A great way to track these objectives is called the Skill-Improvement New Skills (SINS) chart (see Figure 1.2). SINS tracks assigned tasks for six weeks, until the salesperson feels that the assigned tasks are routine or a part of expected behavior. Then something else can be tracked with SINS. It's not like a negative productivity plan for a poor performer (most people on personnel-improvement programs, or PIPs, will be gone in a month); SINS is a cool thing. It could involve reading a book, taking a class, trying to develop a strong prospecting e-mail, learning how to leave an effective phone message, or actually trying to get to a certain C-level contact.
M2O/t in the chart means Mutually Agreed Measurable Objective over Time. The objective you want the salesperson to fulfill. Go read ProActive Sales Management if you want a detailed explanation of measurable objectives.
You use the SINS chart to make a salesperson a better prospecting machine as part of your culture, rather than being treated as an exception.
4. Speak It
Every day! The more you talk about cold-calling, the success of getting new-name accounts, and/or additional new business at current accounts, the more attention the sales team will give it. Walk the talk. Get your butt out of the chair and go on some prospecting calls. Not customer visits, but cold calls. Go by yourself, don't just tag along with your reps. Go to a trade show and really work the booth. Keep prospecting front of mind. Make time for it. Use your contacts.
5. Enlist It
Get other departments and people to help.
Getting leads—especially good warm leads—is not easy. It takes a whole bunch of effort to find a prospect who is willing to talk to you, has a problem, has money to fund this new effort, and is willing to make a change.

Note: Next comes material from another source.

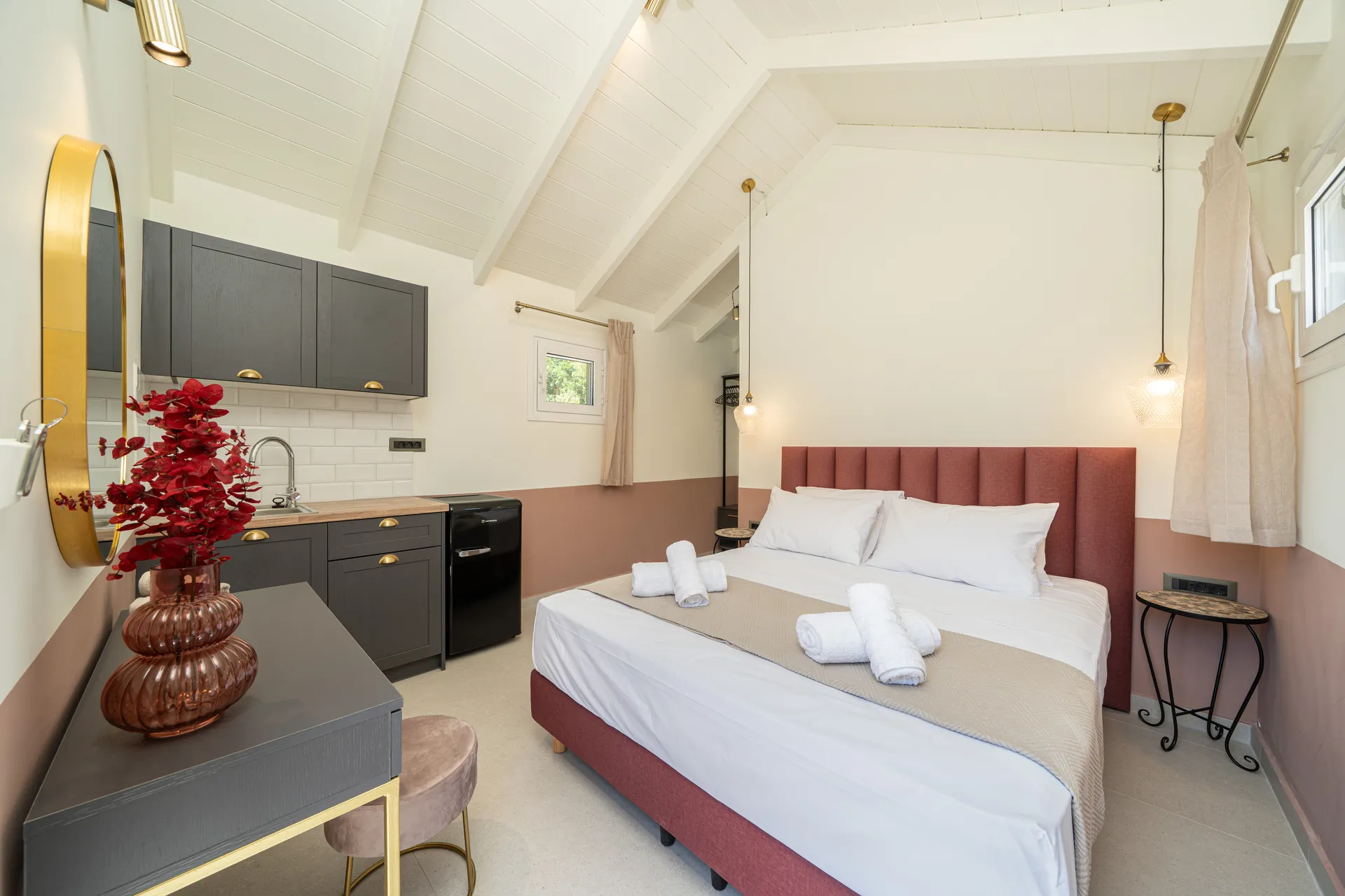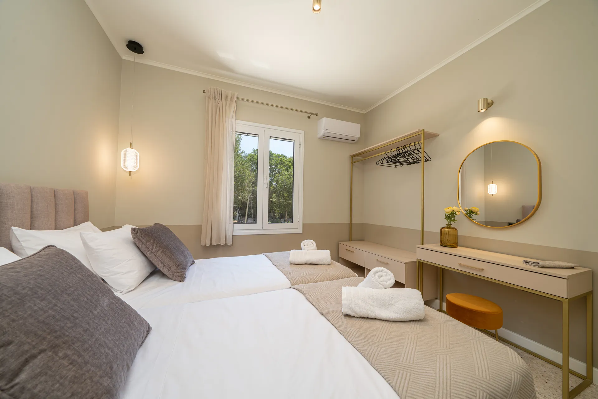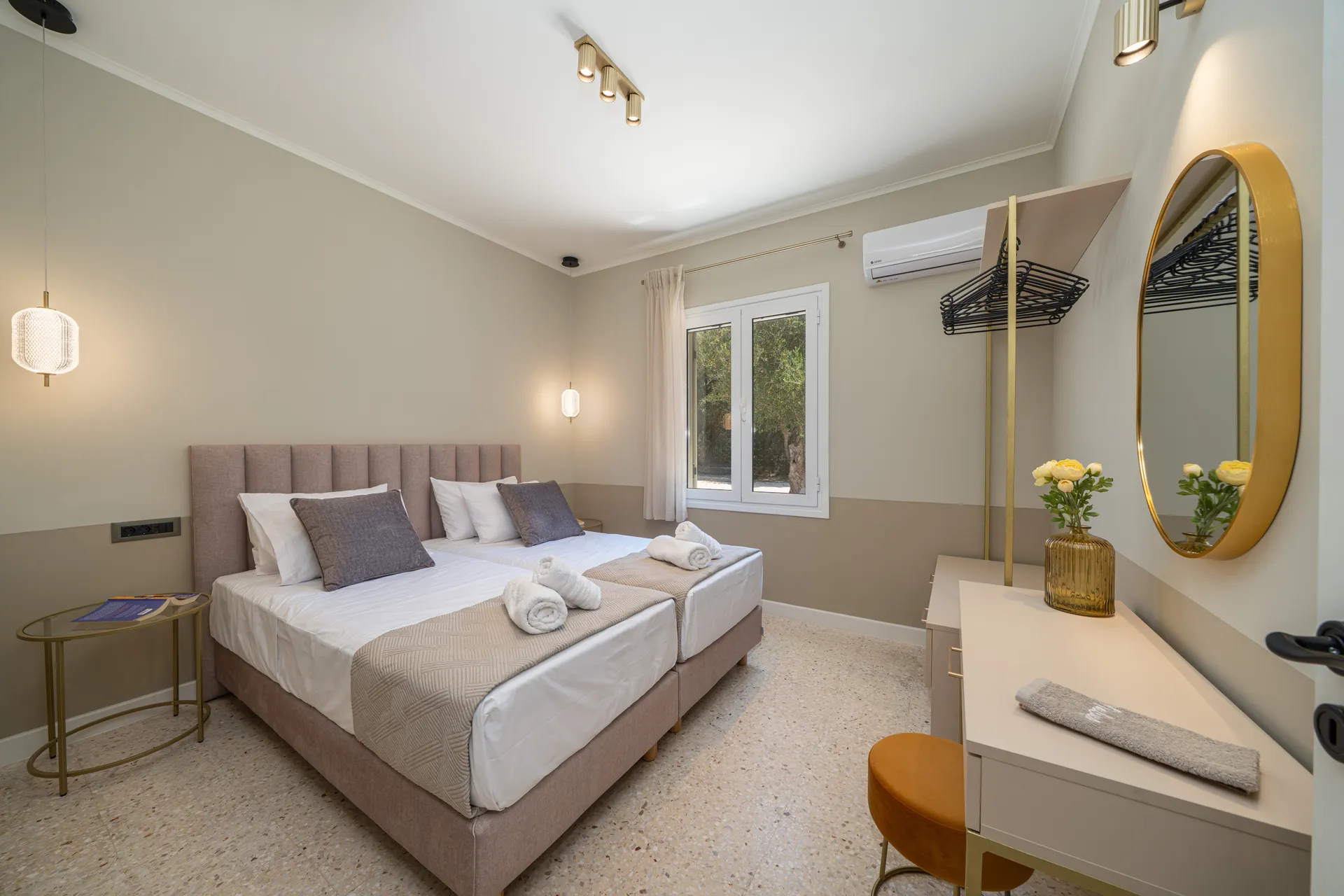 The villa accommodates up to six guests. The main house includes one double bedroom, one twin bedroom, two bathrooms, a fully equipped kitchen, and an open-plan living and dining area. A separate guesthouse provides an additional double bedroom with ensuite bathroom, kitchenette, and private entrance.

The more other co-workers or friends can help, the better, and rewarding leads is not a bad idea—but remember, the recognition is better than the reward itself.
Here are some things you can do.
Go to other departments' staff meetings and enlist their help for leads. Have an Internet guru live in the sales organization to help capture home page hits, as well as what your competition is doing on its home page to generate leads. Go to lead-generation social breakfasts; have your salespeople go to them in the cities where they live. Go to trade shows at which your prospects exhibit, and get leads—and please do not say it won't work; way too many companies are successful at it. Find out how the customer service department passes leads, how it's rewarded for it, and how it's measured on it.
Sales managers have tough-enough jobs without taking on the added responsibility of empathizing with a salesperson over the lack of leads, how hard the market is today, and how they do not have the right product to break into the C suite. By far, the biggest sales-management mistake is lack of an effective, organized, and well-executed prospecting effort.
For the organization to succeed, a sales manager may have to do things that are unpopular but necessary. Getting the sales team to prospect—as a team and as individuals—and to do it well truly ends up making or breaking a sales organization. That's why it's the first thing in this book.
It's All About Luck
"I'm lucky to have Mary on the team. She is such a top producer." "Fred is lucky I'm his boss. With anyone else, he would have been long gone." "I'm a lucky manager to have such a great team."
It seems sales management relies on luck rather than increasing the skill sets of its players or recruiting new talent. For example:
General Electric is legendary for turning the bottom 10 percent of its employees so the rest of the employees get better. Read any of Jack Welch's books for details. In sports, general managers and coaches are always tying to get one more top-notch player or are investing huge amounts in training facilities. They want their people to be better. Hotels are always divesting themselves of properties they do not need so they can acquire other things they really want—and make more money doing what they do best. Luck? What is luck? If you want a great sales team, you have to plan for it, just the way everyone else does.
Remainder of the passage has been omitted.